Retroviruses actually referred to a particular class of virus, the HIV virus being the most well known, that were simple chunks of DNA or RNA. They didn't have a protein shell, just a strand of DNA.
But since they were also the type of virus most often used in genetic modification the terms had become somewhat mixed. Any virus used for genetic modification was generally termed a retrovirus.
"Yes," Dr. Gigum said.
"And the nature of the packet?" Dr. Cline asked, trying to stay calm. The earth had already taken enormous losses from the plagues and the viruses, before being stopped by the Glatun medications, had spread through some 95% of earth's surviving population. She was trying to not think of legions of cannibal mutants and failing.
"There is no easy way to say this," Dr. Gigum said. "So I'm going to tip-toe around it. This is the probable thinking on the part of the attacker, whoever that might be. They anticipated success in this attack. They did not think that Earth would detect the viruses or to spread the word. Most planets are not at this level of advancement when contacted and most would not have had the ability to respond within a scant seven years of first contact. They were also under the mistaken belief that if they left a significant number of workers available to collect maple syrup that the Glatun and other races would not respond strongly. This is, in fact, the first true epidemic we have had to respond to in several hundred years. It does not mean we were not prepared, however.
"And all that means?" Dr. Cline asked. "Let me just ask a question. Is it going to cause us to go insane or something?

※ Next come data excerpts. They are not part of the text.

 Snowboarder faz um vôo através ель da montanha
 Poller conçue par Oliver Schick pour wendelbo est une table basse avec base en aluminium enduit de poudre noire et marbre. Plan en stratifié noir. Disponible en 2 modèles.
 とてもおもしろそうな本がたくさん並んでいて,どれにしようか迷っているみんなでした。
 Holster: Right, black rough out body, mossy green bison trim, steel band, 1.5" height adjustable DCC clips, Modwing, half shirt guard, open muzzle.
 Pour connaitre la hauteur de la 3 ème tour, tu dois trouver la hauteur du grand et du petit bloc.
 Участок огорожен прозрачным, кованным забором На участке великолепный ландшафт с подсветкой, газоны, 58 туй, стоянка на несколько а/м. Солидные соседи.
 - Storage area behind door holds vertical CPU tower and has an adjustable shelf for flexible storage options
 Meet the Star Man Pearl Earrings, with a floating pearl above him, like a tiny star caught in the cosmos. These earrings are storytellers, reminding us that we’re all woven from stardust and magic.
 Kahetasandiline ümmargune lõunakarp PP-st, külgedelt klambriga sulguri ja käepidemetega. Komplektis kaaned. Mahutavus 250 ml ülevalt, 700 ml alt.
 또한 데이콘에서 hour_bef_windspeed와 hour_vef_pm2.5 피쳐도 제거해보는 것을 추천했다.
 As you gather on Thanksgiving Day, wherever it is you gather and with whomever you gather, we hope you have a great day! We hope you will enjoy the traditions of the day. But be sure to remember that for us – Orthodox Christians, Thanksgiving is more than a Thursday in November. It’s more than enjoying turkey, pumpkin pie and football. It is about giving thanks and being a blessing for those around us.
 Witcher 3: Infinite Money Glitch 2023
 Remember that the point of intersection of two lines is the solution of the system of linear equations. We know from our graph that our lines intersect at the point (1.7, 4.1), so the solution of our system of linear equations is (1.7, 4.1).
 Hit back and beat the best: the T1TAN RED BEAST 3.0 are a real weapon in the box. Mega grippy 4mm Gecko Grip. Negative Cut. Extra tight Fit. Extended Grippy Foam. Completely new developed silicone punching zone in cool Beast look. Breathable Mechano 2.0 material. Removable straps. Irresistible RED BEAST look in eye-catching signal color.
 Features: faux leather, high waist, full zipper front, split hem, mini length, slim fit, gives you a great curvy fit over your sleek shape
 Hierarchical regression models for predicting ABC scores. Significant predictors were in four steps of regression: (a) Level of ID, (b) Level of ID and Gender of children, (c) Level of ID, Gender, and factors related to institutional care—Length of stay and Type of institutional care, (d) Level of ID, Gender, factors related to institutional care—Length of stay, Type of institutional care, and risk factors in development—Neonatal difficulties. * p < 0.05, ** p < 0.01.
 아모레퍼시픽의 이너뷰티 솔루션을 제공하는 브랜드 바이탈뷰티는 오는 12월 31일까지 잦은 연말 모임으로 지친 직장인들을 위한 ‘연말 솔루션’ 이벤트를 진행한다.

"Not . . . quite," Dr. Gigum said. "Let me proceed in my estimation. This left, however, the problem of workers. In pre-industrial conditions, when there is a severe loss of life, there is a very fast population growth in the aftermath. Populations spring back very quickly."
"Noted," Dr. Cline said. "Various examples. The Black Plague comes to mind."
"However," the beetle continued, "in conditions in which a society is sufficiently advanced to have reproductive control, population levels dip after severe losses. Individuals engage in recreational pseudo-reproductive activity, if the species is bent that way. This is a way of dealing with the death."
"Also known," Dr. Cline
said. "Not something we like to talk about, but . . . Known."
"But if there is reproductive control, actual birthrates drop," Dr. Gigum said. "And your attackers were looking at an already severely reduced population. One due to lack of population unable to be useful . . ." The beetle paused, as if trying to think of a polite term.
"Slaves," Dr. Cline said, her jaw working. "We know the term."
"As you say," Dr. Gigum said. "I understand this tribe used them until historically recently."
"Specifically," Dr. Cline said, "those who were of darker skin pigmentation. Such as myself."